**EXERCISE GOAL**
A line below contains "Leather handles, drop", and a later one contains "Add a touch". Repeat both, with every line between them, exactly.

**DATASET RECORDS**
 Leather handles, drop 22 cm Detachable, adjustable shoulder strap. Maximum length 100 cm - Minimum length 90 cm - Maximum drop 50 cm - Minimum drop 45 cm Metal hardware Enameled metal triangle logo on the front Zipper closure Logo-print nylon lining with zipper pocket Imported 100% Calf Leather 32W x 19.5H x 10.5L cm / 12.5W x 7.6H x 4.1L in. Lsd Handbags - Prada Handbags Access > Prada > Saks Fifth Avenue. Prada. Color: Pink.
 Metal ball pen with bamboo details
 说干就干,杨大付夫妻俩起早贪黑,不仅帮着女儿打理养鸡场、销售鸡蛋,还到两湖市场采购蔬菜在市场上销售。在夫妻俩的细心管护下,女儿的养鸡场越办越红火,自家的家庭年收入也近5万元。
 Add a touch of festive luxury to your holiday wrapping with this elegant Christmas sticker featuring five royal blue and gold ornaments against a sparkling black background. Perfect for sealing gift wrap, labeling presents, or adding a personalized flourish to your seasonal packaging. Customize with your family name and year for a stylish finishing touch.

* * *

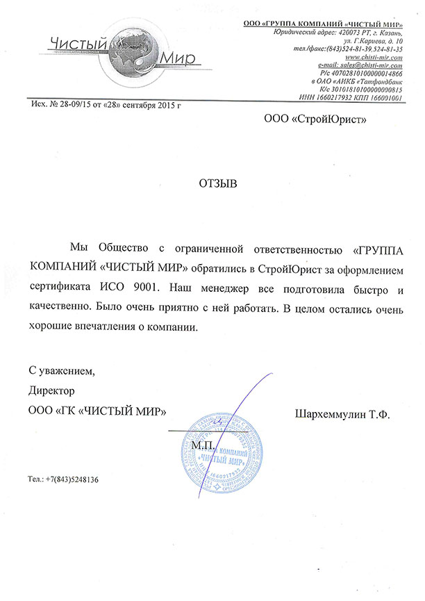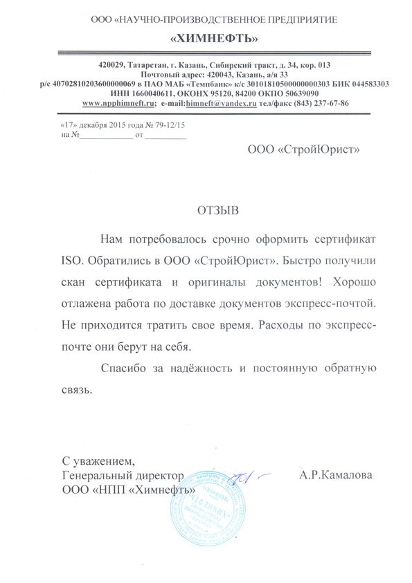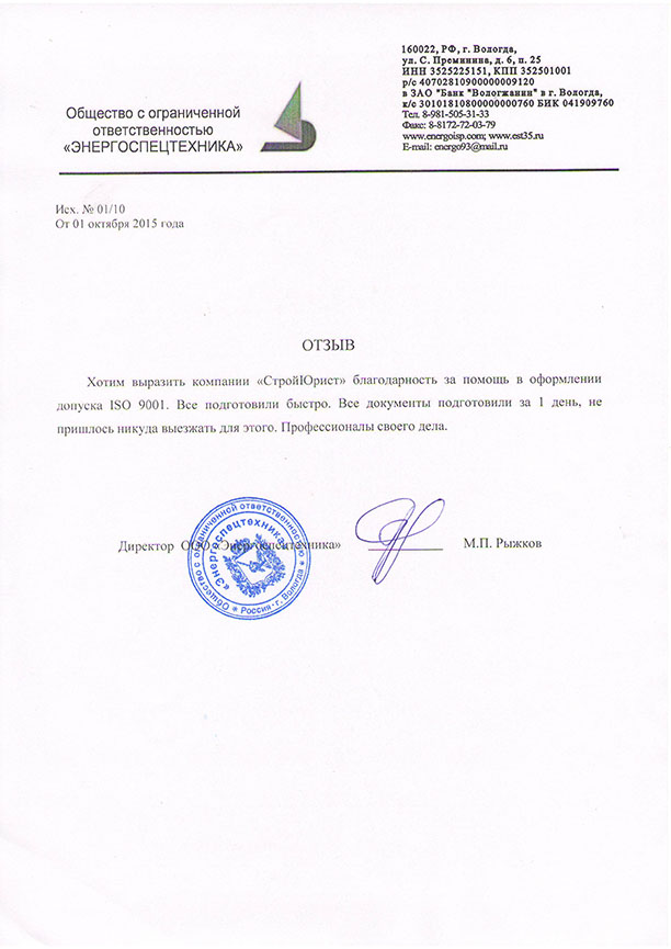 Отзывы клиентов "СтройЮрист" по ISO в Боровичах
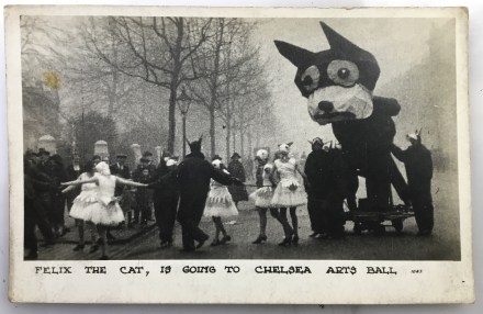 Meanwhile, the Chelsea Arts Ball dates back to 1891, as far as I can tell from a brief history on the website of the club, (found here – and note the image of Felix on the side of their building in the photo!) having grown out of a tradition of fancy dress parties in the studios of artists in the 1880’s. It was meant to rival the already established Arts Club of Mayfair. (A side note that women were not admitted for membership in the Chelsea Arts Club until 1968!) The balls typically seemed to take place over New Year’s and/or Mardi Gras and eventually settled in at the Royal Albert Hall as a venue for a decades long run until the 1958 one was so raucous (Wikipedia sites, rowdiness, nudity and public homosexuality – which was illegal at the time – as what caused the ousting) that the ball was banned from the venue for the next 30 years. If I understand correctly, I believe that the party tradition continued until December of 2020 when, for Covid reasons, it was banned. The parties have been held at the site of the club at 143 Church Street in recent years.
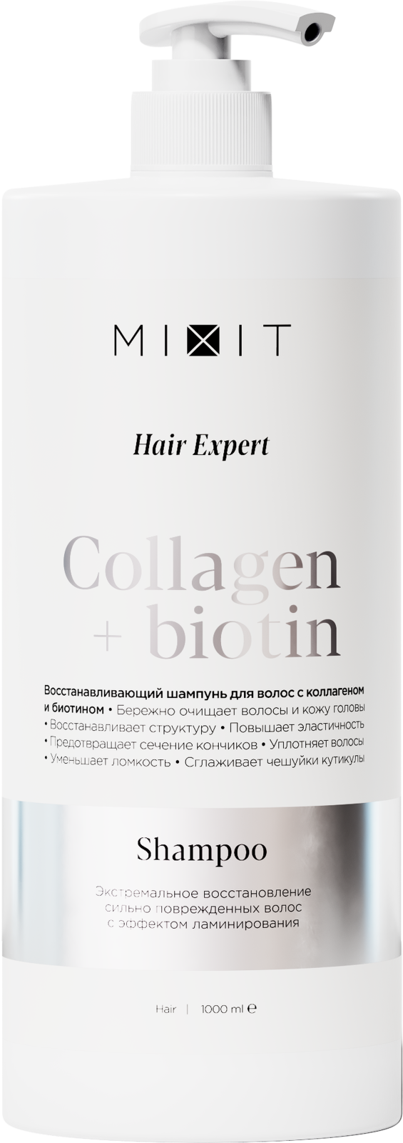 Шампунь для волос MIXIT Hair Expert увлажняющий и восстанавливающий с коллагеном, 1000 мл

**ANSWER SPACE**
 Leather handles, drop 22 cm Detachable, adjustable shoulder strap. Maximum length 100 cm - Minimum length 90 cm - Maximum drop 50 cm - Minimum drop 45 cm Metal hardware Enameled metal triangle logo on the front Zipper closure Logo-print nylon lining with zipper pocket Imported 100% Calf Leather 32W x 19.5H x 10.5L cm / 12.5W x 7.6H x 4.1L in. Lsd Handbags - Prada Handbags Access > Prada > Saks Fifth Avenue. Prada. Color: Pink.
 Metal ball pen with bamboo details
 说干就干,杨大付夫妻俩起早贪黑,不仅帮着女儿打理养鸡场、销售鸡蛋,还到两湖市场采购蔬菜在市场上销售。在夫妻俩的细心管护下,女儿的养鸡场越办越红火,自家的家庭年收入也近5万元。
 Add a touch of festive luxury to your holiday wrapping with this elegant Christmas sticker featuring five royal blue and gold ornaments against a sparkling black background. Perfect for sealing gift wrap, labeling presents, or adding a personalized flourish to your seasonal packaging. Customize with your family name and year for a stylish finishing touch.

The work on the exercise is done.